#### What the task requires:
Return the data below unchanged. Drop any pictures.

#### Data extract:
##############################

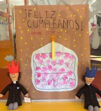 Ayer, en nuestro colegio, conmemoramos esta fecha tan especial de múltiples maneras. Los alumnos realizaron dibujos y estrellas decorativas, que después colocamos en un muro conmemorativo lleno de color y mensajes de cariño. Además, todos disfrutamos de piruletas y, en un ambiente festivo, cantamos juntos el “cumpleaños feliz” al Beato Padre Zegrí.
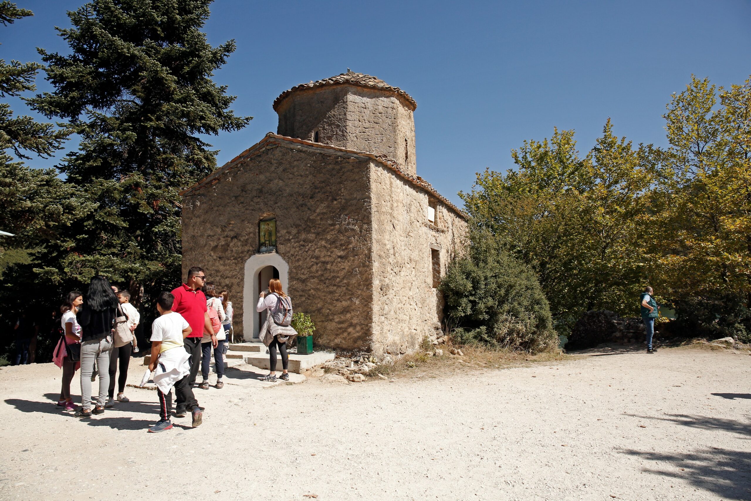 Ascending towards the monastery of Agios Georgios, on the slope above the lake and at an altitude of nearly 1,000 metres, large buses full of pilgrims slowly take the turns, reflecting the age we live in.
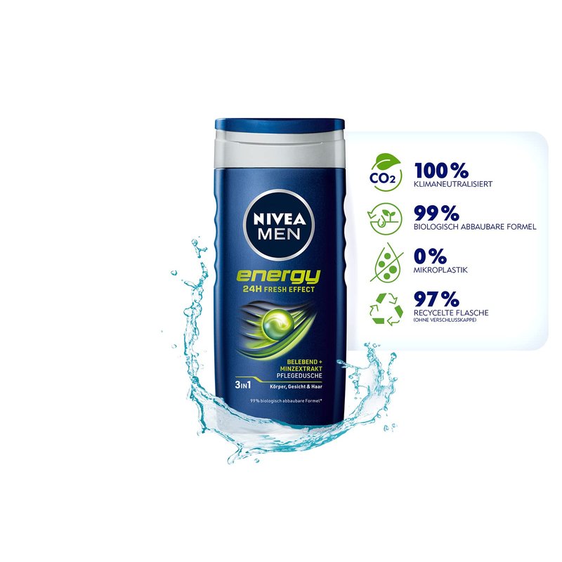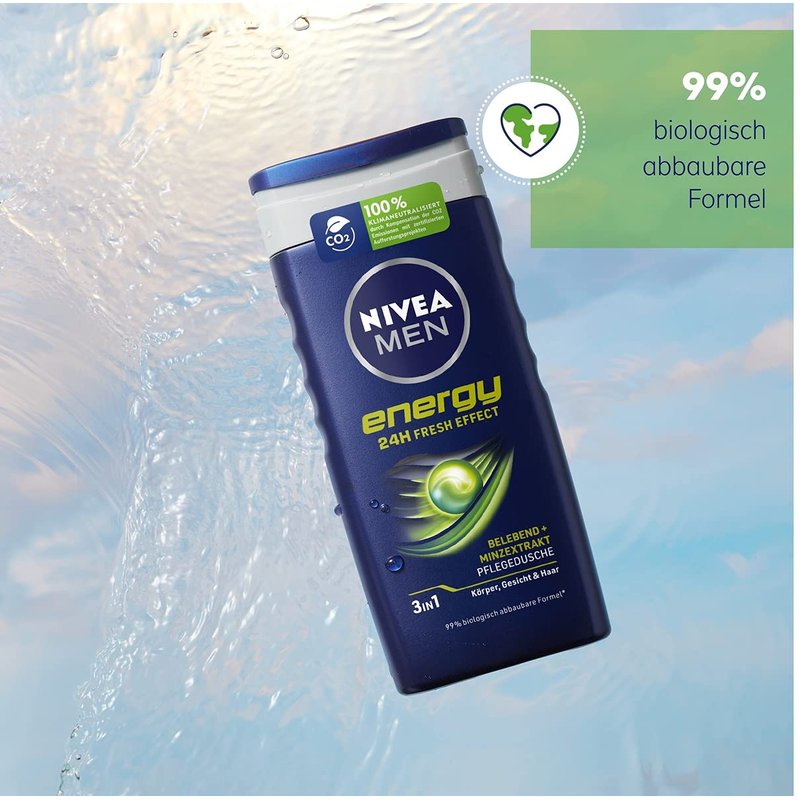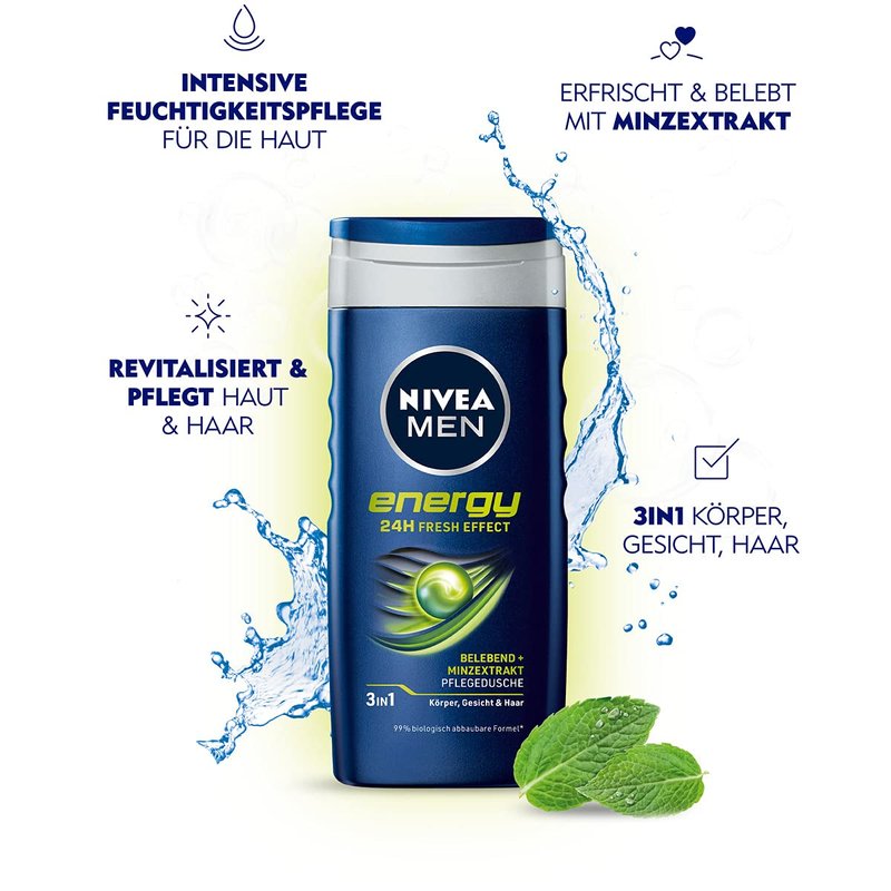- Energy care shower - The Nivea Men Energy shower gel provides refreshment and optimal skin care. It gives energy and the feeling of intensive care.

##############################

#### Written solution:
 Ayer, en nuestro colegio, conmemoramos esta fecha tan especial de múltiples maneras. Los alumnos realizaron dibujos y estrellas decorativas, que después colocamos en un muro conmemorativo lleno de color y mensajes de cariño. Además, todos disfrutamos de piruletas y, en un ambiente festivo, cantamos juntos el “cumpleaños feliz” al Beato Padre Zegrí.
 Ascending towards the monastery of Agios Georgios, on the slope above the lake and at an altitude of nearly 1,000 metres, large buses full of pilgrims slowly take the turns, reflecting the age we live in.
- Energy care shower - The Nivea Men Energy shower gel provides refreshment and optimal skin care. It gives energy and the feeling of intensive care.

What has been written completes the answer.